◆ Goal of the exercise
The answer must be an exact copy of the entries below, with no images in it.

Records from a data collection

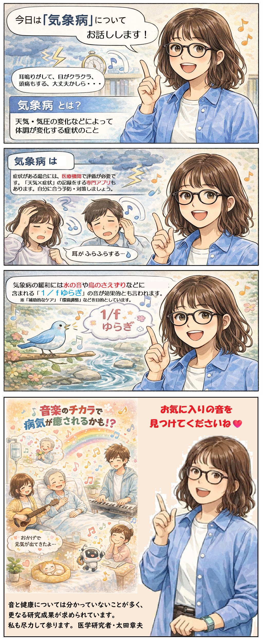 これらは、音楽や音が直接病気を「治す(Cure)」ものではなく、身体が本来持つ調整機能を支える「ケア(Care)」の補助的手段として位置づけられます。腸活と同様に、食事・睡眠・運動といった基本を大切にした上で、音を生活環境の一部として戦略的に取り入れる——その距離感が、医学的にも現実的で安全と言えるでしょう。 音は、まだ解明途上ではありますが、医学と日常生活をつなぐ静かなツールとして、今後さらに研究が進むことが期待されています。将来的には、個人の状態や嗜好に合わせて設計されたオーダーメイドの音楽や自然音が、セルフケアや予防的健康管理に活用される時代が来る可能性もあるといえるでしょう。 |
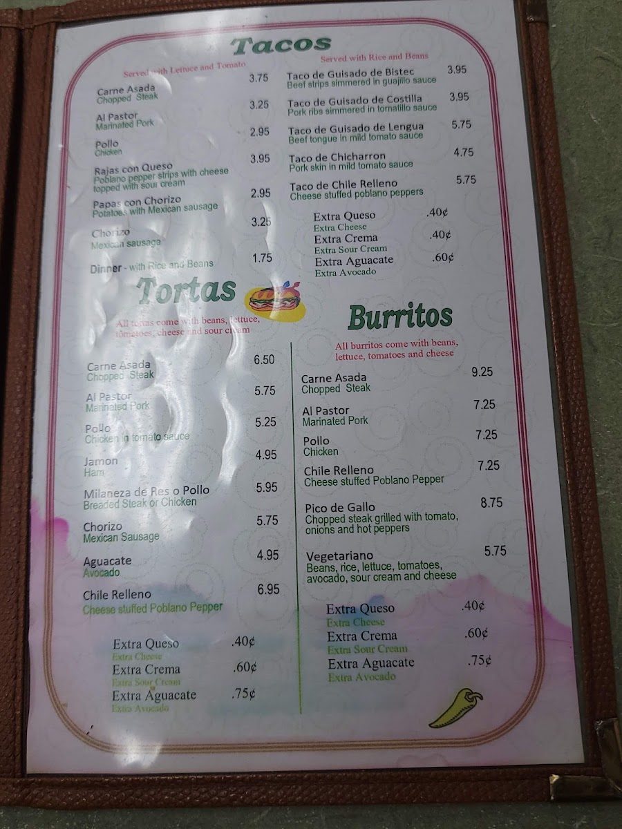 The menu includes favorites like gorditas stuffed with carne asada or al pastor, flavorful tacos such as carne asada and lengua, as well as generous burritos that make for a satisfying meal any time of day. Seasonal and house specialties like costillita tacos in salsa verde bring a rich, homey touch that pairs well with the warm, welcoming atmosphere of the restaurant.
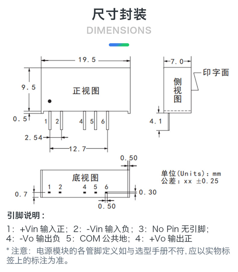 輸出短路保護(hù):可持續(xù)短路保護(hù),自動恢復(fù)小型 SIP 封裝,塑料外殼
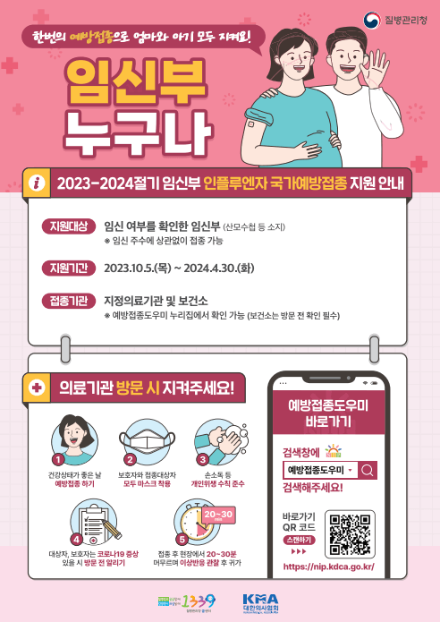 지원기간은 2023.10.5.~2024.4.30.까지 무료 접종기간이며 지정의료기관 및 전국 보건소에서 접종할 수 있습니다.
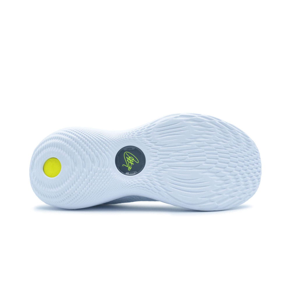 Le premier coloris mis en vente en France s’intitule “Gravity”, avec une tige principalement blanche comportant des finitions en jaune fluo et noir, au niveau du talon notamment, un mariage que l’on retrouve sur la semelle UA Flow, sur laquelle le logo du joueur ressort en jaune fluo, comme sur la languette.

◆ Written response
 これらは、音楽や音が直接病気を「治す(Cure)」ものではなく、身体が本来持つ調整機能を支える「ケア(Care)」の補助的手段として位置づけられます。腸活と同様に、食事・睡眠・運動といった基本を大切にした上で、音を生活環境の一部として戦略的に取り入れる——その距離感が、医学的にも現実的で安全と言えるでしょう。 音は、まだ解明途上ではありますが、医学と日常生活をつなぐ静かなツールとして、今後さらに研究が進むことが期待されています。将来的には、個人の状態や嗜好に合わせて設計されたオーダーメイドの音楽や自然音が、セルフケアや予防的健康管理に活用される時代が来る可能性もあるといえるでしょう。 |
 The menu includes favorites like gorditas stuffed with carne asada or al pastor, flavorful tacos such as carne asada and lengua, as well as generous burritos that make for a satisfying meal any time of day. Seasonal and house specialties like costillita tacos in salsa verde bring a rich, homey touch that pairs well with the warm, welcoming atmosphere of the restaurant.
 輸出短路保護(hù):可持續(xù)短路保護(hù),自動恢復(fù)小型 SIP 封裝,塑料外殼
 지원기간은 2023.10.5.~2024.4.30.까지 무료 접종기간이며 지정의료기관 및 전국 보건소에서 접종할 수 있습니다.
 Le premier coloris mis en vente en France s’intitule “Gravity”, avec une tige principalement blanche comportant des finitions en jaune fluo et noir, au niveau du talon notamment, un mariage que l’on retrouve sur la semelle UA Flow, sur laquelle le logo du joueur ressort en jaune fluo, comme sur la languette.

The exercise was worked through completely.